NASA makes nearly 8,000 Earth science data products freely and openly available to all users. NASA is committed to accelerating open science by making these key data products easier to discover and use. NASA achieves this goal by providing and maintaining high quality metadata through the Common Metadata Repository (CMR).
Through its Analysis and Review of the CMR Project, NASA's Interagency Implementation and Advanced Concepts Team (IMPACT) conducts metadata quality assessments of CMR records. ARC conducts these assessments using a framework that consists of a series of automated and manual checks of metadata attributes. The assessments are shared with data providers, who work to improve the metadata quality over time.
As a result, IMPACT developed pyQuARC, an open source, Python-based library that automates the ARC assessment framework as much as possible and demonstrates the ARC team's commitment to open science and open source software. The tool reads and evaluates metadata records with a focus on the consistency and robustness of the metadata. pyQuARC also ensures that information common to both the data product and the file-level metadata are consistent and compatible. For example, a check is performed to ensure the spatial extent specified in the data product’s metadata encompasses the cumulative extent of the individual data files.

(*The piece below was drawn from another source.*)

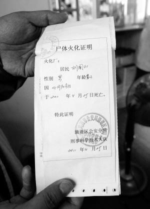 这是在鸡东殡仪馆找到的地方公安局为疑似遇难矿工开具的死因为“心脏病”的火化证明。
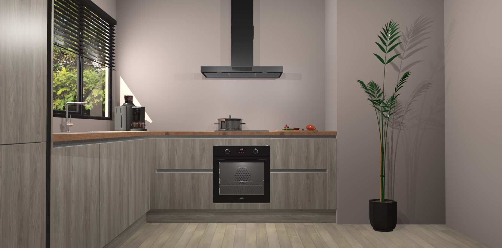 Met een modern, tijdloos design en ruime opslagruimte, zult u zich in no-time thuis voelen in uw nieuwe keuken. Uw leven wordt eenvoudiger met de soft-close deuren die voor het ultieme stille comfort zorgen - geen geluid dat u stoort terwijl u kookt. Ook is de keuken voorzien van 5 ingebouwde apparaten: een oven, inductie kookplaat, afzuigkap, vaatwasser en koelkast. Deze kunnen gemakkelijk na bestelling worden bijgewerkt naar AEG - waardoor uw luxe ervaring compleet is.

pyQuARC flags opportunities to improve or add to contextual metadata information in order to help the user connect to relevant data products and frees up human evaluators to make more sophisticated assessments such as whether an abstract accurately describes the data and provides the correct contextual information. A well-documented data product with detailed and sufficient metadata is easier to find, easier to understand, and easier to use. As open source software, pyQuARC can be adapted and customized by a data provider to allow for quality checks that evolve with their needs, including checking metadata not included in CMR.